* _Task to complete_: Please set down the lines of the listing exactly, from its first line to the line with "東寺。あまりポピュラーな存在", leaving the pictures out.

* _Given information_:

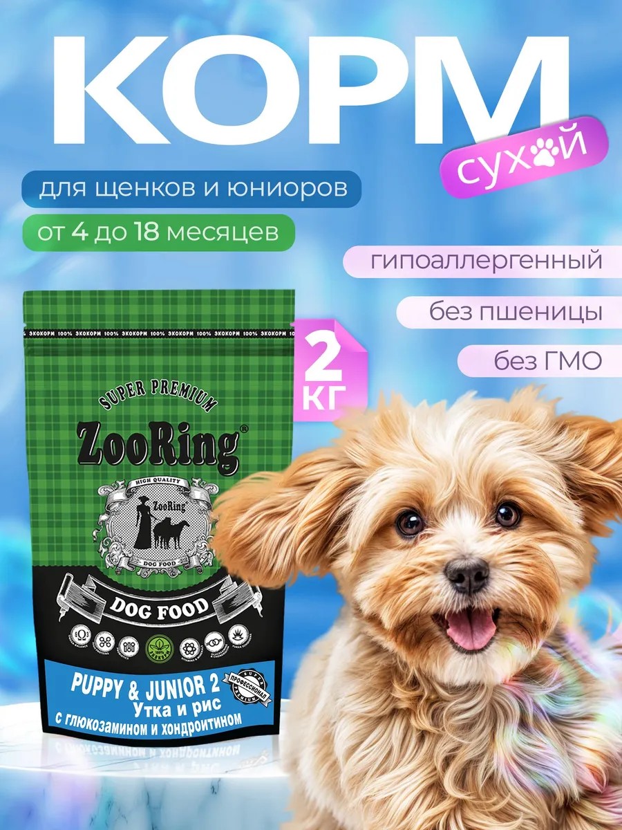 Puppy & Junior 2 Professional is a complete, super-premium dry food for puppies and juniors of medium and large breeds from 4 to 12-18 months, depending on the breed, designed to meet their increased energy needs. ZooRing is a holistic food for puppies. The specially developed formula and kibble size are suitable for growing puppies, clean plaque from teeth, and help prevent tartar buildup. ZooRing food contains minimal grains. It strengthens the immune system, ensures proper development, excellent digestion, healthy skin, a shiny coat, and strong teeth and bones. It also contains a beauty formula for skin and coat.
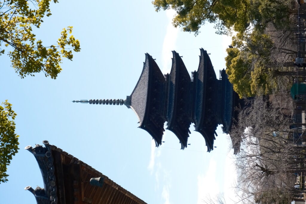 東寺。あまりポピュラーな存在ではないですが、京都駅から歩いて行ける世界遺産です。
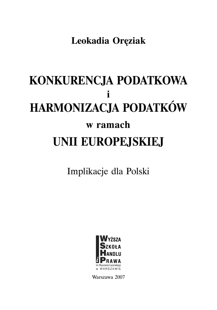 Leokadia Oręziak KONKURENCJA PODATKOWA i HARMONIZACJA PODATKÓW w ramach UNII EUROPEJSKIEJ Implikacje dla Polski Warszawa 2007 SPIS TREŚCI Wstęp . . . . . . . . . . . . . . . . . . . . . . . . . . . . . . . . . . . . . . . . . . . . . . . . . . . . . . . . . . . ROZDZIAŁ I. PODATKI JAKO CZYNNIK WPŁYWAJĄCY NA MIĘDZYNARODOWĄ POZYCJĘ GOSPODARKI 1. Podatki w gospodarce . . . . . . . . . . . . . . . . . . . . . . . . . . . . . . . . . . . . . . . . . . . 1.1. Główne dylematy związane z kształtowaniem podatków . . . . . . . . . . 1.2. Zjawisko unikania podatków oraz uchylania się od opodatkowania 1.3. Szara strefa w gospodarce jako jeden z efektów zjawiska uchylania się od podatków . . . . . . . . . . . . . . . . . . . . . . . . . . . . . . . . . . . . . . . . . . . . 1.4. Reformy podatkowe – sens i istota . . . . . . . . . . . . . . . . . . . . . . . . . . . . 1.5. Planowanie podatkowe jako metoda ograniczania obciążeń podatkowych przez przedsiębiorstwa . . . . . . . . . . . . . . . . . . . . . . . . . . . 2. Globalizacja gospodarki światowej – zjawisko kluczowe dla polityki podatkowej . . . . . . . . . . . . . . . . . . . . . . . . . . . . . . . . . . . . . . . . . . . . . . . . . . . . 3. Podatki w handlu międzynarodowym. . . . . . . . . . . . . . . . . . . . . . . . . . . . . . . 4. Podatki jako czynnik wpływający na kształtowanie się bezpośrednich inwestycji zagranicznych (BIZ) . . . . . . . . . . . . . . . . . . . . . . . . . . . . . . . . . . . 4.1. BIZ – istota i formy . . . . . . . . . . . . . . . . . . . . . . . . . . . . . . . . . . . . . . . . . 4.2. Strumienie i kierunki BIZ. . . . . . . . . . . . . . . . . . . . . . . . . . . . . . . . . . . . 4.3. Miejsce podatków wśród czynników lokalizacji BIZ . . . . . . . . . . . . . . 4.4. Ceny transferowe jako instrument ograniczania obciążeń podatkowych przez podmioty dokonujące BIZ . . . . . . . . . . . . . . . . . . 4.5. Przesuwanie zobowiązań jako sposób zmniejszania obciążeń podatkowych . . . . . . . . . . . . . . . . . . . . . . . . . . . . . . . . . . . . . . . . . . . . . . . 5. Podatki a międzynarodowa konkurencyjność gospodarki . . . . . . . . . . . . . 5.1. Pojęcie międzynarodowej konkurencyjności gospodarki . . . . . . . . . . 5.2. Pozycja konkurencyjna krajów Unii Europejskiejw świetle rankingu World Economic Forum . . . . . . . . . . . . . . . . . . . . . . . . . . . . . . . . . . . . . 6. Warunki do prowadzenia działalności gospodarczej jako czynnik wpływający na międzynarodową konkurencyjność gospodarki – ocena Banku Światowego . . . . . . . . . . . . . . . . . . . . . . . . . . . . . . . . . . . . . . . . . . . . . . 6.1. Główne obszary oceny . . . . . . . . . . . . . . . . . . . . . . . . . . . . . . . . . . . . . . . 6.2. Kraje UE w rankingu Banku Światowego według kryterium dotyczącego obciążeń podatkowych . . . . . . . . . . . . . . . . . . . . . . . . . . . . 9 13 13 19 21 28 30 34 36 38 38 42 44 51 54 56 56 58 63 63 70 6 SPIS TREŚCI 6.3. Konkurencyjność gospodarki a poziom opodatkowania . . . . . . . . . . . 7. Czynniki ogólne i podatkowe rozwoju bezpośrednich inwestycji zagranicznych w obrębie rozszerzonej UE . . . . . . . . . . . . . . . . . . . . . . . . . . 8. Konkurencja podatkowa w skali międzynarodowej . . . . . . . . . . . . . . . . . . . 8.1. Konkurencja podatkowa jako jeden z efektów procesu globalizacji . 8.2. Raje podatkowe . . . . . . . . . . . . . . . . . . . . . . . . . . . . . . . . . . . . . . . . . . . . 8.3. Działania OECD wobec tzw. szkodliwej konkurencji podatkowej . . ROZDZIAŁ II. HARMONIZACJA PODATKÓW JAKO ELEMENT PROCESU INTEGRACJI W RAMACH UNII EUROPEJSKIEJ ORAZ KONKURENCJA PODATKOWA 1. Jednolity rynek towarów, usług, kapitału i osób. . . . . . . . . . . . . . . . . . . . . . 2. Integracja walutowa i jej implikacje dla polityki budżetowej i podatkowej 2.1. Strefa euro jako efekt integracji walutowej . . . . . . . . . . . . . . . . . . . . . 2.2. Polityka budżetowa w krajach strefy euro i pozostałych krajach UE 2.2.1. Podłoże stosowania ograniczeń w odniesieniu do polityki budżetowej krajów Unii. . . . . . . . . . . . . . . . . . . . . . . . . . . . . . . . 2.2.2. Zasady dyscyplinowania polityki budżetowej krajów UE wynikające z Traktatu ustanawiającego Wspólnotę Europejską (TWE ) oraz Paktu Stabilności i Wzrostu. . . . . . . . . . . . . . . . . . 2.2.2.1. Zapobieganie nadmiernym deficytom budżetowym. . . 2.2.2.2. Ograniczanie nadmiernych deficytów budżetowych. . . 2.2.2.3. Stosowanie Paktu Stabilności i Wzrostu w praktyce . . 2.2.2.4. Krytyka Paktu i jego reforma w 2005 r. . . . . . . . . . . . . 3. Harmonizacja podatków w UE – istota i geneza zjawiska . . . . . . . . . . . . . 3.1. Ramy prawne i instytucjonalne podejmowania decyzji w sprawie podatków . . . . . . . . . . . . . . . . . . . . . . . . . . . . . . . . . . . . . . . . . . . . . . . . . . 3.2. Istota i podłoże harmonizacji podatków . . . . . . . . . . . . . . . . . . . . . . . . 4. Harmonizacja podatków pośrednich . . . . . . . . . . . . . . . . . . . . . . . . . . . . . . . 4.1. Istota harmonizacji podatków pośrednich. . . . . . . . . . . . . . . . . . . . . . . 4.2. Podatek od wartości dodanej – VAT . . . . . . . . . . . . . . . . . . . . . . . . . . . 4.2.1. Aspekty ogólne procesu harmonizacyjnego . . . . . . . . . . . . . . . . 4.2.2. Stawki podatku jako przedmiot harmonizacji i obszar konkurencji podatkowej . . . . . . . . . . . . . . . . . . . . . . . . . . . . . . . . 4.2.2.1. Ogólne zasady określania stawek VAT . . . . . . . . . . . . . 4.2.2.2. Problemy z harmonizacją stawek na przykładzie opodatkowania usług pracochłonnych . . . . . . . . . . . . . . 4.2.2.3. Opodatkowania usług pracochłonnych jako obszar konkurencji podatkowej . . . . . . . . . . . . . . . . . . . . . . . . . 4.3. VAT w transgranicznym świadczeniu usług. . . . . . . . . . . . . . . . . . . . . . 4.4. Kierunki zmian w sy

* _Response area_:
 Puppy & Junior 2 Professional is a complete, super-premium dry food for puppies and juniors of medium and large breeds from 4 to 12-18 months, depending on the breed, designed to meet their increased energy needs. ZooRing is a holistic food for puppies. The specially developed formula and kibble size are suitable for growing puppies, clean plaque from teeth, and help prevent tartar buildup. ZooRing food contains minimal grains. It strengthens the immune system, ensures proper development, excellent digestion, healthy skin, a shiny coat, and strong teeth and bones. It also contains a beauty formula for skin and coat.
 東寺。あまりポピュラーな存在ではないですが、京都駅から歩いて行ける世界遺産です。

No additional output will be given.